### Data extract
☆ ☆ ☆
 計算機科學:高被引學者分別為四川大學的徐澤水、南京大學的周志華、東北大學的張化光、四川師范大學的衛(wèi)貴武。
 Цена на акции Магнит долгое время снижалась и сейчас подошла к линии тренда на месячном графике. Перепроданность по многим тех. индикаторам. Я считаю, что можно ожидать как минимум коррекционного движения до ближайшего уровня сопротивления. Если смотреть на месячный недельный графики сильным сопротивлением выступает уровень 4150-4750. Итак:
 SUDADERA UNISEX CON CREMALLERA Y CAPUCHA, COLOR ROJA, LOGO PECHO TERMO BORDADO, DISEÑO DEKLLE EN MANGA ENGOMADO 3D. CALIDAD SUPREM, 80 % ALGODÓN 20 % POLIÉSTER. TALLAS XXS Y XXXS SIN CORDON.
☆ ☆ ☆
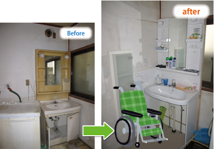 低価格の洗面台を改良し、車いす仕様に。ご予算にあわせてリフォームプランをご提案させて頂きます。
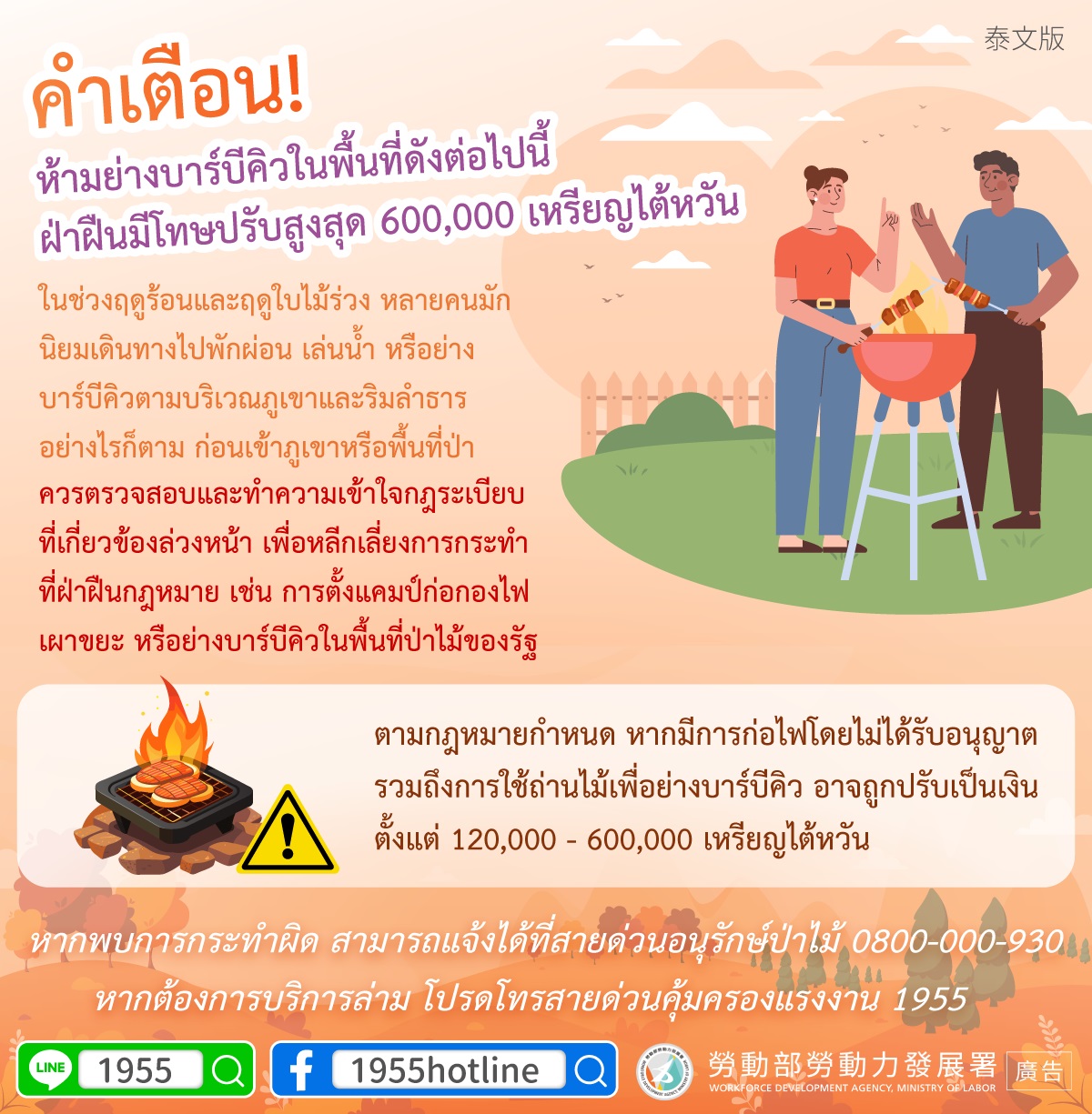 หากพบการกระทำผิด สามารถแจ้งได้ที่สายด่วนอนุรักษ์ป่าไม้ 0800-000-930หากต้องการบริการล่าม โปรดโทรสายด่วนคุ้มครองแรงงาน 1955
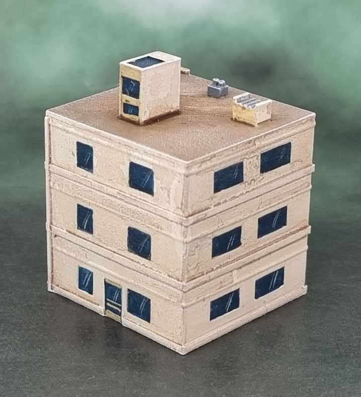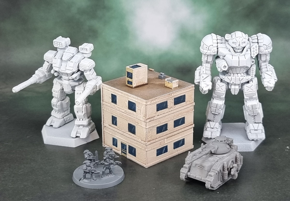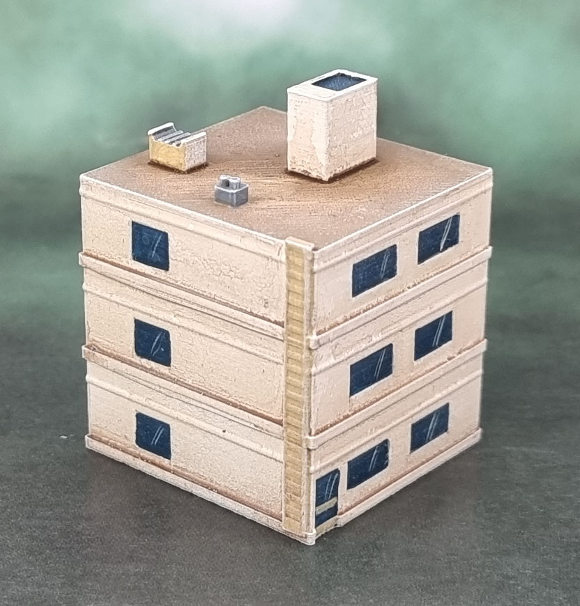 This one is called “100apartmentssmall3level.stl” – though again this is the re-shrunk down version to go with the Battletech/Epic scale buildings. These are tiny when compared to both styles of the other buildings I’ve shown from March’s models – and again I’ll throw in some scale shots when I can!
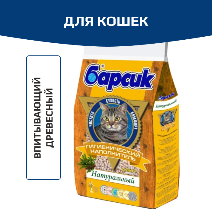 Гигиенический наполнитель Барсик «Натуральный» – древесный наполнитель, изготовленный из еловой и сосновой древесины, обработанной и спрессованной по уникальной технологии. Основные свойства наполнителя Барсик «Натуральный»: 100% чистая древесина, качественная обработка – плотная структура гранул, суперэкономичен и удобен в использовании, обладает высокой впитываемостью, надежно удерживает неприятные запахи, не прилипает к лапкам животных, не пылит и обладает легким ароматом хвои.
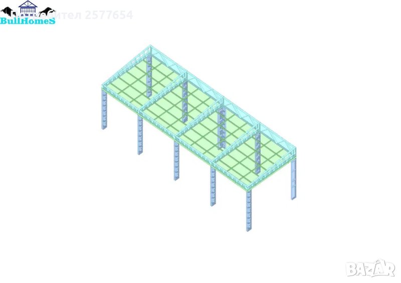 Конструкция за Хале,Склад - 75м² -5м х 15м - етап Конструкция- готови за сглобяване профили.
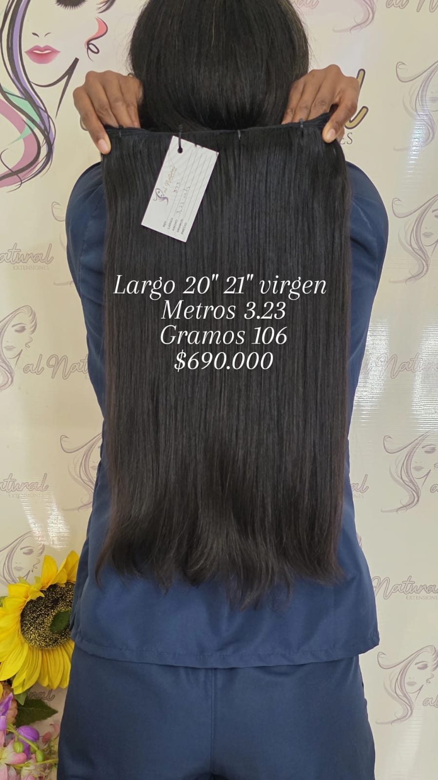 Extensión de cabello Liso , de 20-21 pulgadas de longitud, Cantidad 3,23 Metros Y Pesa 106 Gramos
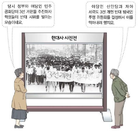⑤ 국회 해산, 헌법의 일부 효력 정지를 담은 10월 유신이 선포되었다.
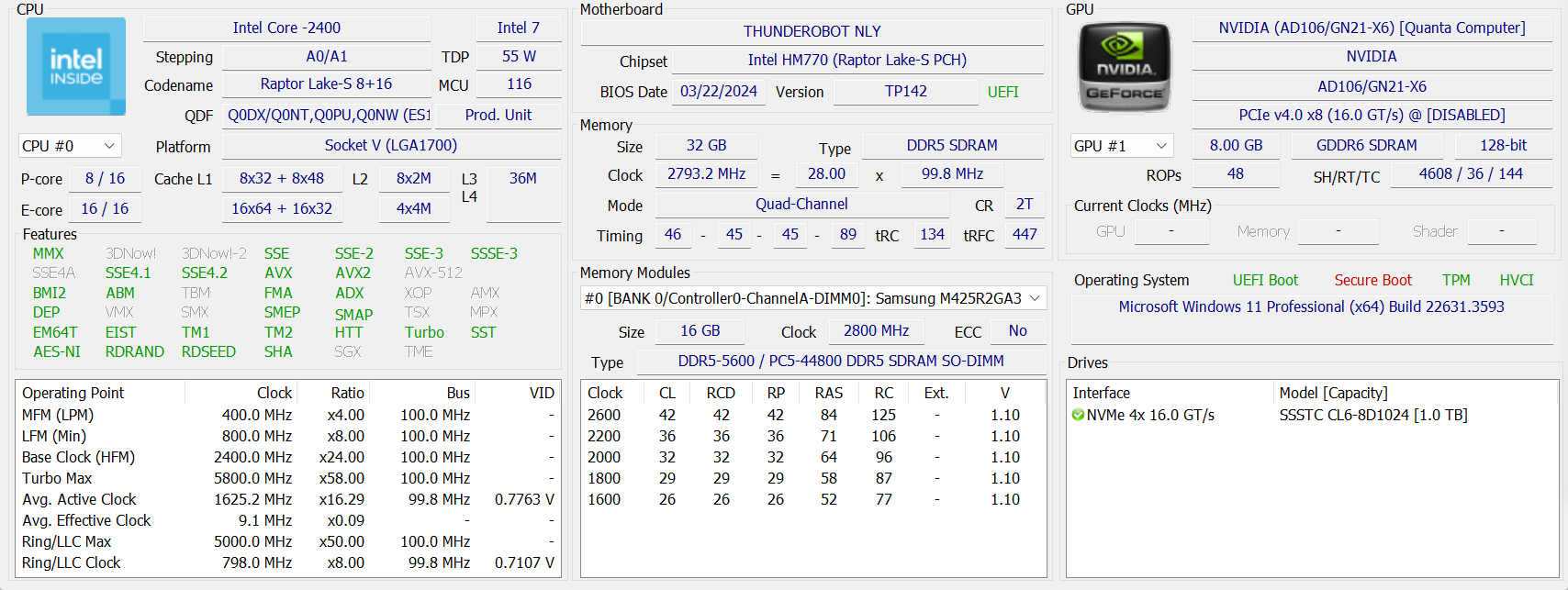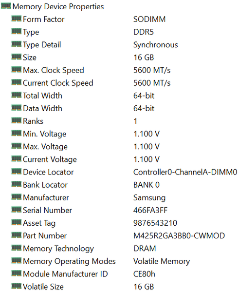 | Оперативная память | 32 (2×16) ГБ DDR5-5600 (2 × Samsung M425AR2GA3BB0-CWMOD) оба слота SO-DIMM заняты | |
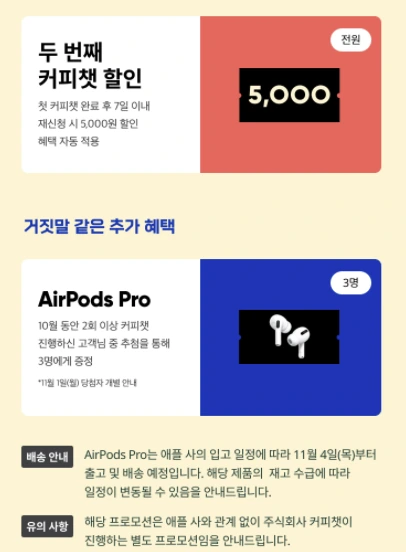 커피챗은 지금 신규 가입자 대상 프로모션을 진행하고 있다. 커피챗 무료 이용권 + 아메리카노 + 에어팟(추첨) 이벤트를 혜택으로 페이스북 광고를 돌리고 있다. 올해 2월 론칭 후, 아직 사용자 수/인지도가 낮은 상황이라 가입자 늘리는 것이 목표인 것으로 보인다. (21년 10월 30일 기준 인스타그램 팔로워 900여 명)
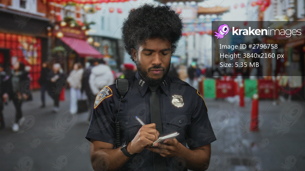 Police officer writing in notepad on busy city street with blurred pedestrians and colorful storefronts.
☆ ☆ ☆
### What you have to do
A clean copy is needed of the lines in the listing above from the one with "Конструкция за Хале,Склад" through the one with "Police officer writing", exact in every word and free of pictures.

### Reply
 Конструкция за Хале,Склад - 75м² -5м х 15м - етап Конструкция- готови за сглобяване профили.
 Extensión de cabello Liso , de 20-21 pulgadas de longitud, Cantidad 3,23 Metros Y Pesa 106 Gramos
⑤ 국회 해산, 헌법의 일부 효력 정지를 담은 10월 유신이 선포되었다.
 | Оперативная память | 32 (2×16) ГБ DDR5-5600 (2 × Samsung M425AR2GA3BB0-CWMOD) оба слота SO-DIMM заняты | |
 커피챗은 지금 신규 가입자 대상 프로모션을 진행하고 있다. 커피챗 무료 이용권 + 아메리카노 + 에어팟(추첨) 이벤트를 혜택으로 페이스북 광고를 돌리고 있다. 올해 2월 론칭 후, 아직 사용자 수/인지도가 낮은 상황이라 가입자 늘리는 것이 목표인 것으로 보인다. (21년 10월 30일 기준 인스타그램 팔로워 900여 명)
 Police officer writing in notepad on busy city street with blurred pedestrians and colorful storefronts.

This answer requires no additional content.